It's difficult to explain my lost “faith in God,” I was brought up in a family of teachers, farmers and construction workers. My grandfather was a Baptist minister who had built a church on his own family's land. He had been preaching there since he was in his early thirties. My grandparents raised their family, including my mother, with solid Christian beliefs in a setting I would consider to be about equal to “Little House on the Prairie.” The children worked in the fields as soon as they could walk, did chores before the sun came up and they grew everything they ate. My father grew up no more than ten miles away in a similar setting although his father was an abusive alcoholic and died in a bar fight before I was born.
Both my parents became school teachers and my father also worked as an iron worker and carpenter throughout my childhood. We attended church at my mothers demand except for my father. When I asked my mother why my father did not attend I would be scolded and at times whipped for asking. As I grew into my teenage years I became more and more uncomfortable with listening and talking about God and the bible. To me the stories seemed made up to try to teach a point using extreme examples and metaphors similar to the children’s books I grew up with. My mother continued to make me go to bible school and church until I was sixteen. By that age I had involved myself in enough sports, school events and started working that she left me alone about it. We still went to my but I still never felt comfortable. It was like going to a black tie affair wearing cut off shorts and flip flops. I could feel the stares and hear whispers, as if everyone was judging me the entire time I was there.
While I was in college I fell in love and moved in with a girl who was studying to get her masters in psychology. That did not go over well with my mother, and that distanced me from the rest of my family. During this time my grandfathers church members basically kicked my grandfather out of his own church. The one he built and had taught at for more than thirty years. He resisted the more modern ideas that had surfaced in Christianity over the years and believed in the fundamental teachings of the Lord. After he had retired from being a millwright, leading his flock in that church was his and my grandmothers’ way of life. A year after they were exiled from the church my grandmother fell ill with a brain tumor. I visited her in the hospital and she was in so much pain it killed me to see her. She died within a month and my mother asked the church to have her visitation at the church and they said it would not be in their best interest. A year later my grandfather fell ill with the same brain cancer and died. This time my mother did not ask the church for service. Apparently this time it was not even in any one of the members best interest to pay respects to my grandfather at the funeral home or at the burial.
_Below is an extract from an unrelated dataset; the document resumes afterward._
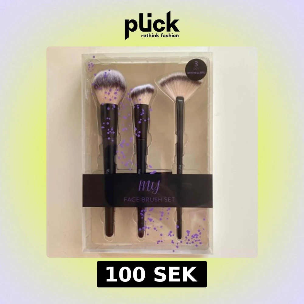 Snyggt set med tre sminkborstar: en puderborste, en spiral foundationborste och en solfjäderborste. Borstarna har svarta handtag och täta, mjuka syntetstrån i vitt och brunt. Perfekt för att fixa basen och highlighta kindbenen.

This was my breaking point. I started studying the bible, something that I had never really done past the teachings of bible school and Sunday school. I started finding contradictions, unanswered questions, and things that just made no sense to me. I would talk to ministers at the local churches to try to answer these questions that I had and none could give me a straight forward answer. I soon learned that for a Christian the answer to everything is either “it was the Lords work” or “the Devils work” depending on the situation. I also found that when asked about different scriptures in the bible they twist and bend the context and meaning until the outcome suits their needs. I also wondered where the book of "Jesus" was located in the bible. Why did Jesus himself not write any of the bible? I was told that he was born poor and was not taught to write, by one minister. I was told by another that Jesus was sent to teach by example and by word of mouth. So in other words he could turn water into wine but could not write. And only decades later, after the death of Jesus, did God think to have someone write something down about his life. At this point I just gave up. My faith was gone and I enjoy my life not feeling like I am constantly being judged by a hateful god. I follow the theories of creation and keep myself apprised on progress of new discoveries that only reinforce my choice not to believe in God. I see now the cruelty and dark intent of organized religions, and how they are used to control and numb the minds of people. Religions of the past oppressed people to keep tyrants in power and haven’t changed much. The profits of the religion machine keep rolling in as they brainwash more people everyday, by taking advantage of weakness and fear. I am a born again human and my eyes are open!